Revision history [back]

When using the multiprocessing.Pool in Python with a function that returns a custom object, you need to ensure that the custom object can be pickled, which is necessary for transferring data between processes. Here is an example of how to do it:

First, create the custom object and define the necessary functions for pickling and unpickling:

import pickle

class CustomObject:
    def __init__(self, data):
        self.data = data

    def __getstate__(self):
        return {"data": self.data}

    def __setstate__(self, state):
        self.data = state["data"]

def custom_object_pickle(obj):
    return pickle.dumps(obj)

def custom_object_unpickle(data):
    return CustomObject.__setstate__(CustomObject(), pickle.loads(data))
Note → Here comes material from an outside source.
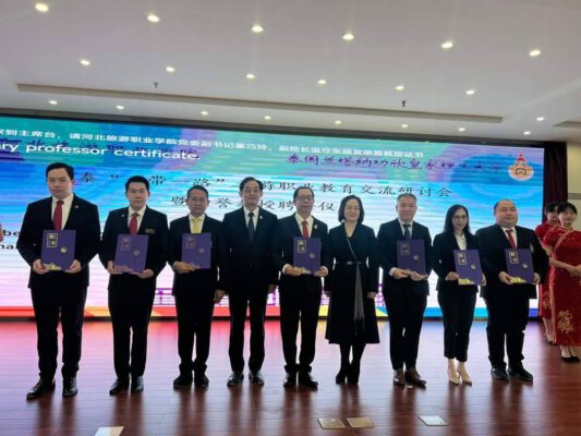 วันศุกร์ที่ 26 เมษายน 2567 มทร.รัตนโกสินทร์ นำโดย พลเอก จรัล กุลละวณิชย์ นายกสภามหาวิทยาลัย พร้อมด้วย รศ.ดร.อุดมวิทย์ ไชยสกุลเกียรติ อธิการบดี และคณะผู้บริหาร เข้าร่วมการสัมมนาในหัวข้อ China-Thailand : Belt and Road Initiative Tourism Vocational Education Exchange และศึกษาดูงานวิทยาลัยอาชีวศึกษาด้านการท่องเที่ยวแห่งมณฑลเหอเป่ย และหารือแนวทางการทำความร่วมมือระหว่างกันโดยเฉพาะการจัดการศึกษาต่อยอดจากระดับอนุปริญญาในระดับปริญญาตรีให้แก่นักศึกษาของวิทยาลัยอาชีวศึกษามณฑลเหอเป่ย ตลอดจนความร่วมมือทางวิชาการ การจัดการเรียนการสอน หลักสูตรและแนวทางการจัดการเรียนการสอนร่วมกันในอนาคตต่อไป ทั้งนี้ทางวิทยาลัยอาชีวศึกษา โดยมี Dong Qiaoling, Deputy Secretary of the Party Committee of Hebei Tourism Vocational College , Wen Shoudong is the vice president of Hebei Tourism Vocational College , Wu Cuihua is the director of the International , Exchange and Cooperation Center of Hebei Tourism Vocational College , Li Zhiyong is the deputy director of the International Exchange and Cooperation Center of Hebei Tourism Vocational College , Gao Yanfeng, Deputy Director of the International Exchange and Cooperation Center of Hebei Tourism Vocational College ร่วมให้การต้อนรับ ณ Hebei Tourism College มณฑลเหอเป่ย สาธารณรัฐประชาชนจีน

Next, define the function that will be executed in parallel using the multiprocessing.Pool:

def parallel_function(arg):
    # do some calculations
    custom_obj = CustomObject(data)
    return custom_obj

Then, create the multiprocessing.Pool object and pass the functions for pickling and unpickling the custom object as arguments to the initializer:

if __name__ == "__main__":
    pool = multiprocessing.Pool(
        processes=multiprocessing.cpu_count(),
        initializer=multiprocessing.get_logger().info,
        initargs=("test",),
        pickle_protocol=pickle.HIGHEST_PROTOCOL,
        pickle_custom_objects=[CustomObject],
    )

    results = pool.map(parallel_function, args_list)

    pool.close()
    pool.join()

Note that the pickle_protocol argument specifies the highest protocol version to use for pickling, and the pickle_custom_objects argument specifies a list of custom objects that need to be pickled and unpickled.

By following these steps, you should be able to use the multiprocessing.Pool in Python to parallelize a function that returns a custom object.